If Cake Croutons Become A Thing, I WANT CREDIT

It's Thanksgiving here in America, my friends, but ALL of us could stand to be more thankful for the little things in life.
Like turkeys giving birth to pilgrim hats:
And old Halloween flotsam:
For floating scarecrow heads:
Desperate store managers trying to get rid of old stock:
And spurting turkey cannons:
For turkeys with exploding butts:
("My bad.")
And sad pilgrim heads:
For goobles:
And gobles:
And all those many, many Thanks Given:
Not to mention all the bakers who actually think it's spelled that way.
For giant salads with cake croutons:
(I dunno. But I like it.)
And for knowing that, while you can't polish a turd, you CAN stick a paper tail in it and call it a turd-key:
But most of all, lets be thankful for our friends, our family, and for this guy:
Because, c'mon, look at him.
LOOK AT HIM.
Happy Thanksgiving, wrecky minions!
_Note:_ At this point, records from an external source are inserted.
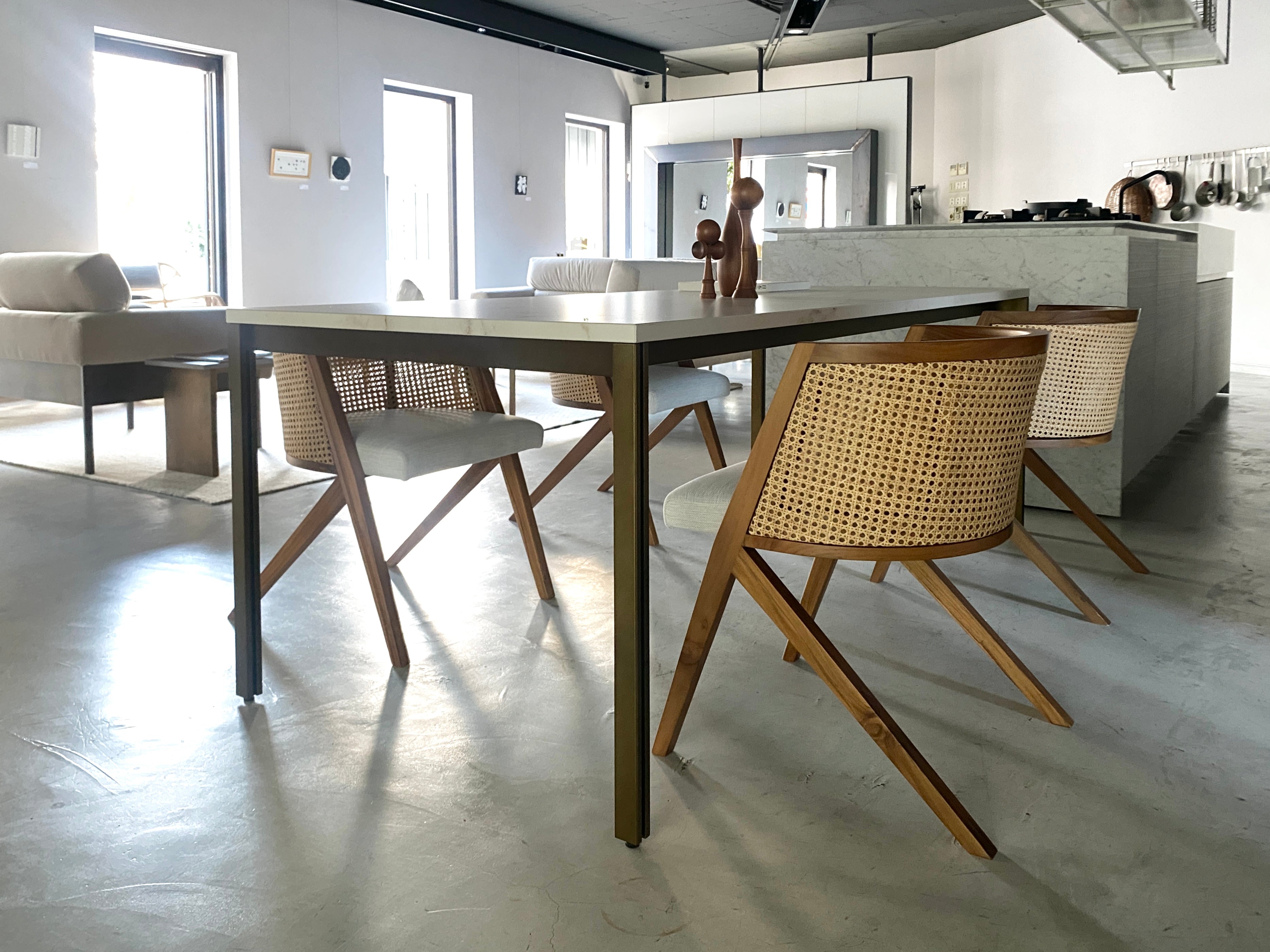 ダイニングテーブルであれば、古美色の脚部が構成の軸となり、その上にテーブルトップが取り合わされます。トップは空間に合わせてカラーを選べて、サイズオーダーもできる設計で、空間に合った“取り合わせ”を許容する。細い線でスパンを大きく飛ばしたプロポーションも、現代的な気分をそっと映し出しています。
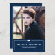 Announce your graduation to family and friends with this customisable photo graduation announcement card. It features simple typography on navy blue abckground. Personalise this navy blue graduation announcement by adding a photo, name, school and other details. This classic photo graduation announcement is available in other cardstock.
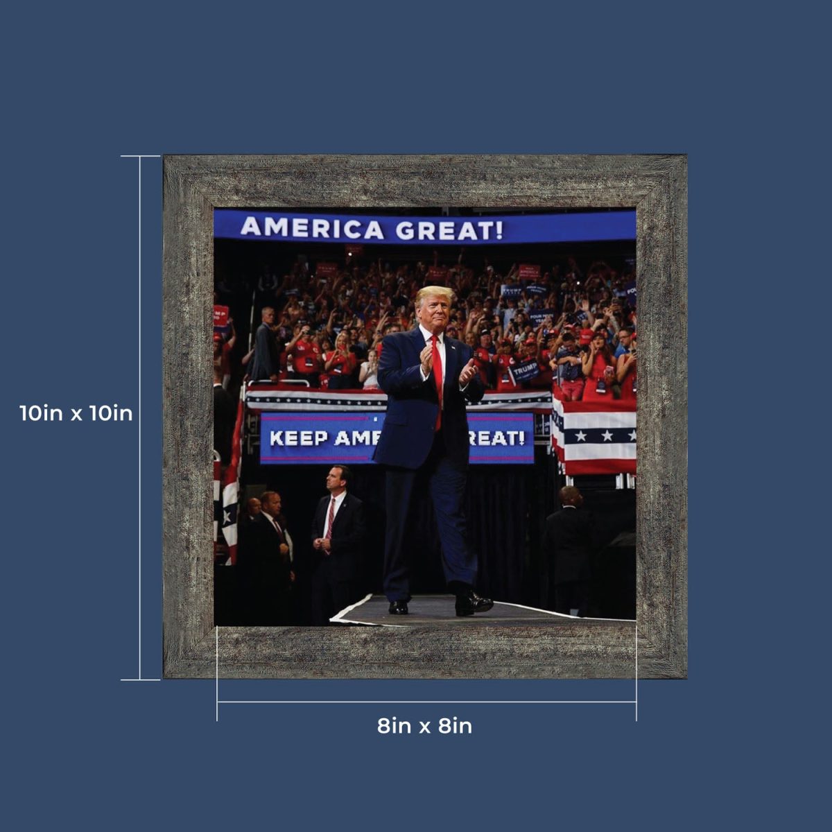 Donald Trump at a Republican Rally for the 2020 Campaign, Keep America Great in the Background, Framed Print of President, 10×10 8756

Now, go have some pie.
Also giving thanks for Shannon R., Marah S., Lucretia J., Chris H., Sabrina K., Lee V., Sarah S., Juanita G., Pamela T., Christopher F., James L., Tanya D., & Diane G. Gooble 'til ya drooble, guys.
*****
Thank you for using our Amazon links to shop! USA, UK, Canada.
Reader Comments (44)
Happy Thanksgiving, however it's spelled!
*hurk* I don't want to look at him anymore. Can I please stop now?
Wishing all wreckers a very happy Thanksgiving! Hope your bellies are full and your hearts are happy!
Happy Thanksgiving, U.S. people, and I'm thankful Canadian Thanksgiving is the 2nd Monday in October when the trees are beautifully coloured, pumpkins are in the fields, and there is no "black Friday" and football insanity to spoil the day.
You can HAVE the CREDIT for Cake-Croutons-As-A-Thing, Jen, and I'll raise (heh heh) you one turdy poo wang.
WITH sprinkles! Just be certain that they ARE sprinkles-- I'm pretty sure I saw a mouse scurrying around that "cake croutons" platter. =^0.o^=
Yup I called it a couple of days ago!
Happy Turkey/Tofurky/Turd-Key day Y'all!
PS Please support Natalie Dubose who the owner of Natalie Cake and More whose business was severely vandalized by rioting vandals during this past week rioting in Furguson Missouri by going online on the website GoFundMe to help Natalie get her business back on track for the upcoming holiday season.
Thank You.
...and mighty thankful for CW! First belly laugh of the day and WITHOUT alcoholic fortification! Long time minion; CW and Epbot are high up in my list of things that make life better.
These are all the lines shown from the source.